Yani, bu patikada üç aydan az sürede; değerlemesi 20 TL olan şirketin hisse senedi 5 kattan fazla getiri sağlamış oldu.
Soru şu: 3 ayda ne değişti de; şirket ne yaptı da; şirketin piyasa değeri değerleme raporunda tespit edilenin 5 katından fazla prim yaptı?
Tabi bu arada,
Şirketin temeli unutuldu. Grafikler paylaşıldı.
Şuradan dönerse, buradaki direnç, şurası hedef, yok RSI yok cart yok curt…
Kısacası, küçük yatırımcılar normalde almayacakları yerlerden hisseyi aldılar.
Bir bilinmeze kucak açtılar…
Ekonomi, finans ve muhasebe bilimi çöpe atıldı; borsa makul piyasa fiyatı belirlenme yeri olmaktan çıkmış oldu!
Modeli değiştirelim,
Aynı örnek üzerinden ilk gün serbest marj uygulanmasındaki senaryoları dikkate alalım,
Beyin fırtınası yapalım…
Varsayalım, halka arz hissesi ilk gün serbest marj ile işlem görecek.
Yani %10 tavan sınırlaması yok!
Yukarı da, aşağıya da istediği kadar gidebilir.
Diyelim ki,
İşlem başladı ve 20 TL ilk gün 90 TL’ye geldi.
E arkadaş; zorla mı aldın?
90 TL’den alanlar öbür gün hisse taban taban gitmeye başlarsa oturup düşünürler!
Ben bu hisseyi neden aldım?
İzahname okudum mu?
Fiyat tespit raporuna baktım mı?
Demek ki bu işi bilmiyorum, bari gideyim dolaylı yatırıma yani fonlara yönelim diyebilirler veya
Bir sonrakinde derslerini çalışırlar.
Tersi varsayıma da yer verelim.
İşlem başladı ve 20 TL ilk gün 11 TL’ye düştü.

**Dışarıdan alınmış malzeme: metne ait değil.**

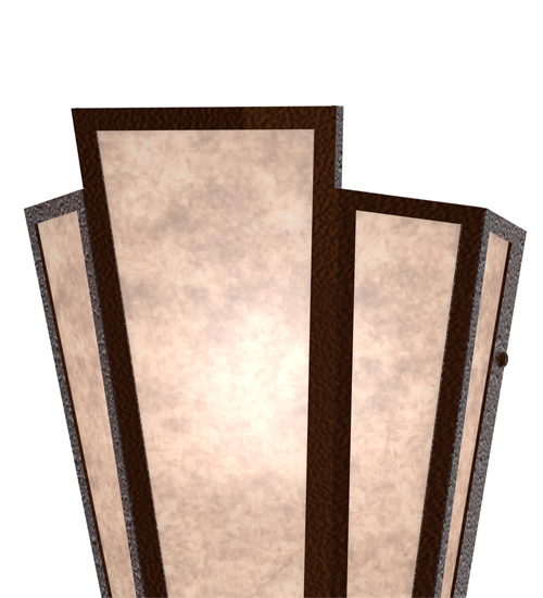 Silver Mica is transformed into abstract lighting design similar to the famed deco designs showcased in Classic Hollywood theaters. This extraordinary V-shaped sconce is complemented with decorative accents and hardware featured in a Sepia Brown finish. Ideal for foyers, corridors and other interiors in homes, home theaters, resorts, hotels and restaurants. Handcrafted by highly skilled artisans in our 180,000 square foot manufacturing facility in Yorkville, New York. Custom colors, styles and sizes are available. Dimmable energy efficient lamping options offered. UL and cUL listed for damp and dry locations.
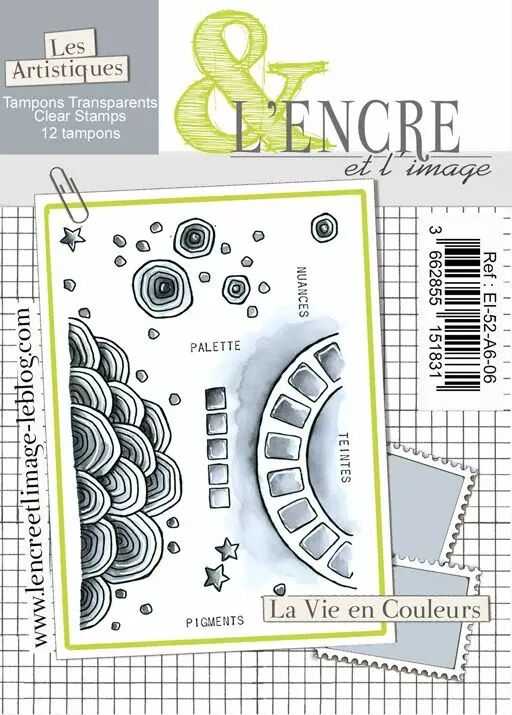 Réf. : EI-52-A6-06 Planche de 12 tampons clears - La Vie en Couleurs - L'Encre et l'Image.
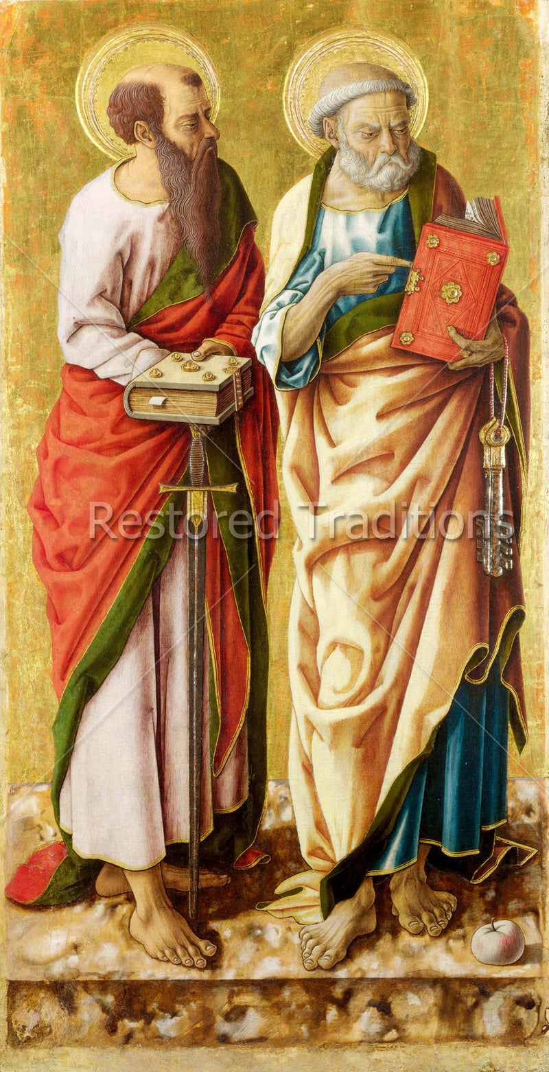 This artwork by C. Crivelli shows the First Pope, Saint Peter, and the great Apostle of the Gentiles, Saint Paul. Peter holds the keys to the Kingdom of Heaven, while Paul holds his sword.
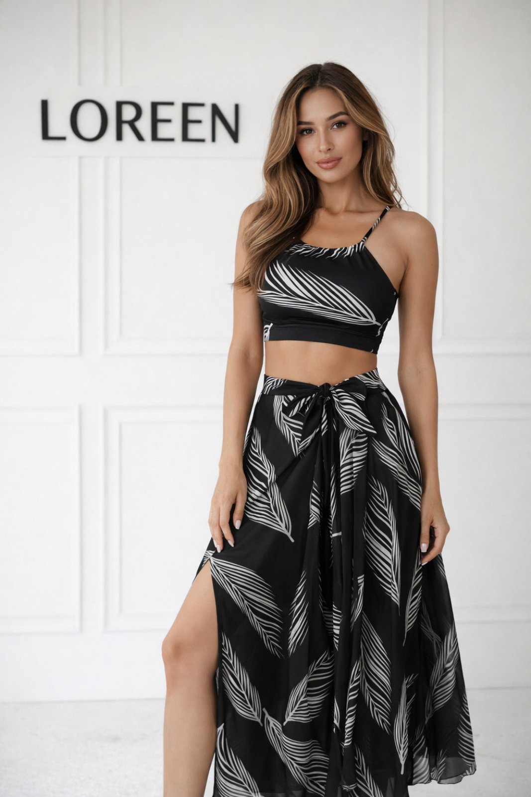 Ефирното дълго парео с връзване отпред и странична цепка добавя движение и женственост, превръщайки комплекта в перфектен избор както за плажа, така и за стилна разходка край морето.
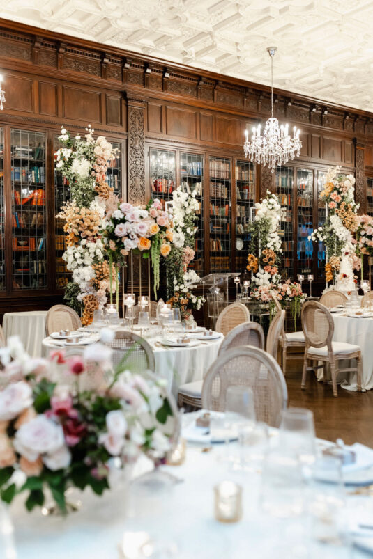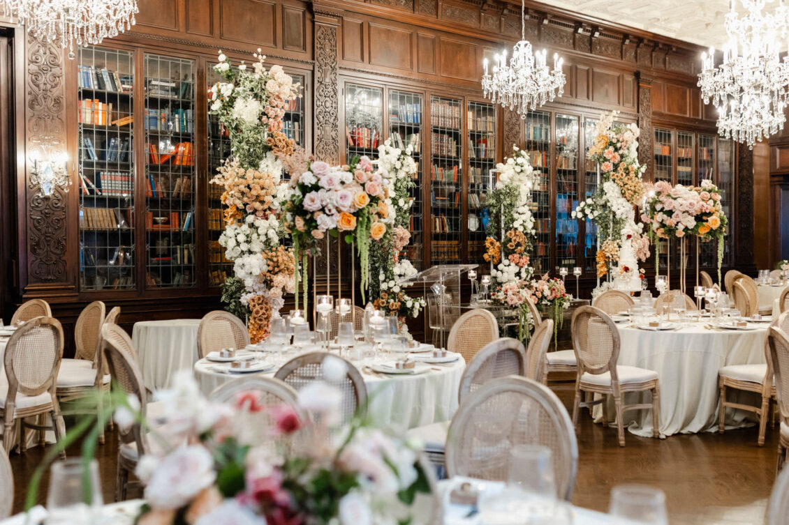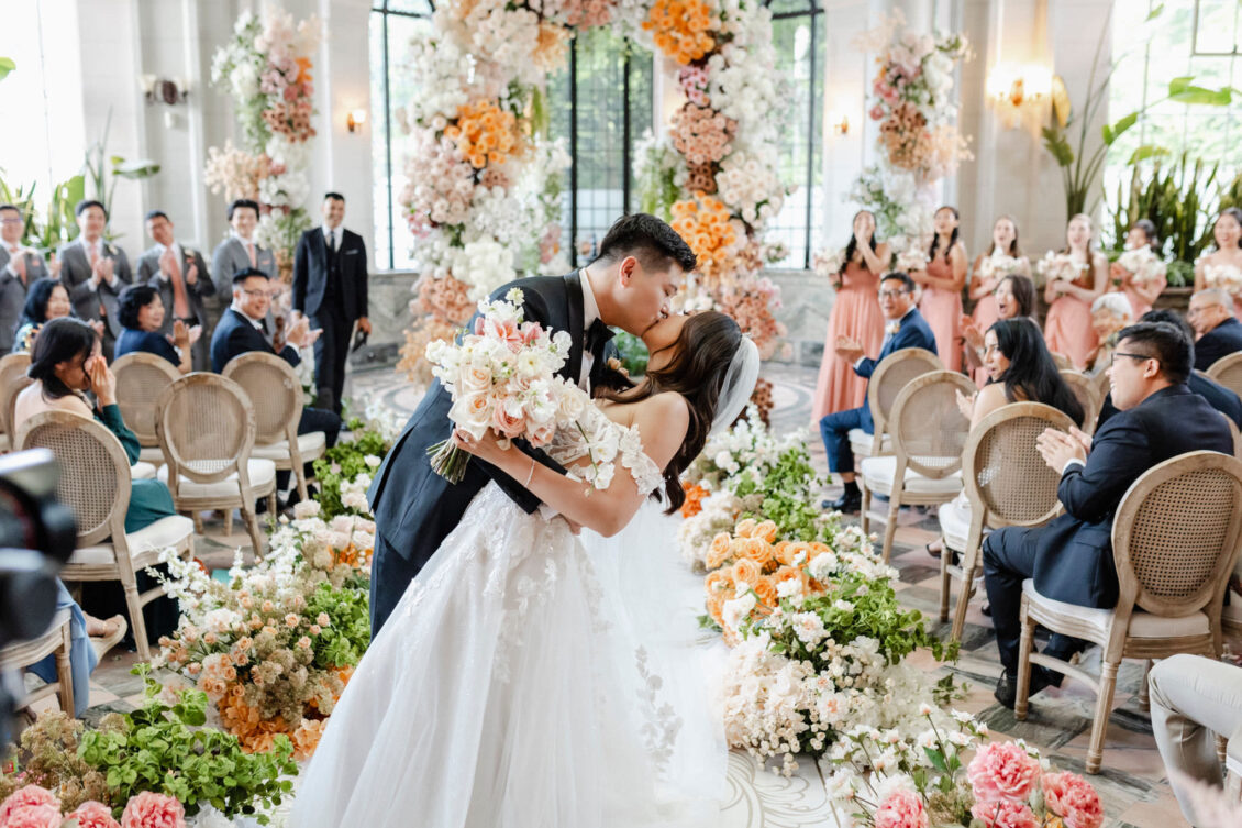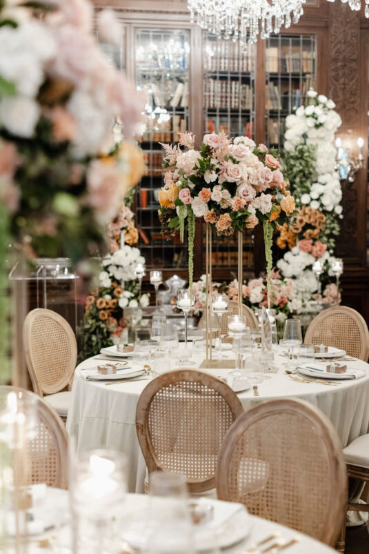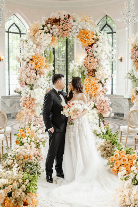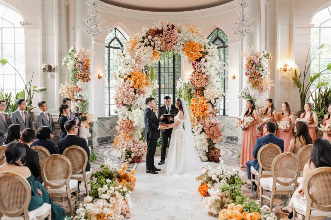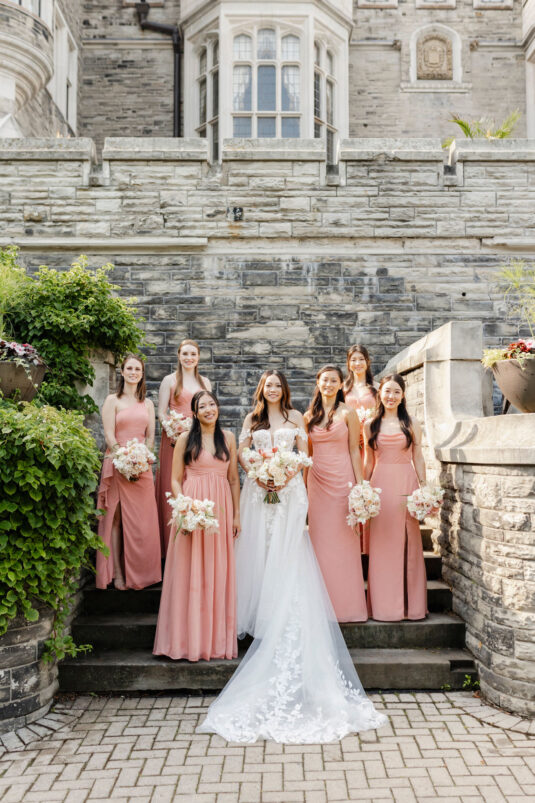 The couple envisioned a classy, vintage-feeling wedding straight out of a modern fairytale, perfectly complementing Casa Loma’s iconic grey stone walls and rich wood paneling. Inspired by their travels, Alyssa and Lyon chose earthy-toned florals to adorn the venue, with breathtaking arrangements designed to enhance the venue’s architectural beauty. The picturesque conservatory was transformed into a floral wonderland, featuring high and low center aisle arrangements, a stunning fountain display, and a grand floral arch that served as the ceremony’s focal point.

E arkadaş; zorla mı aldın?
19, 18 veya 15 TL’den alanlar oturup düşünürler!
Derler ki, bu nasıl değerleme?
Veya derler ki;
Keşke orta-uzun vadeli kurumsal yatırımcılar halka arza katılsaydı.
Ya da bunlar niye sattı?
Kısacası,
Serbest marj modeli borsadaki buruşuk gömleği ütüler.
Ak koyun kara koyun ortaya çıkar.
Herkes aynaya bakar.
Çeki düzen gelir ve emin olun bu çok uzun sürmez.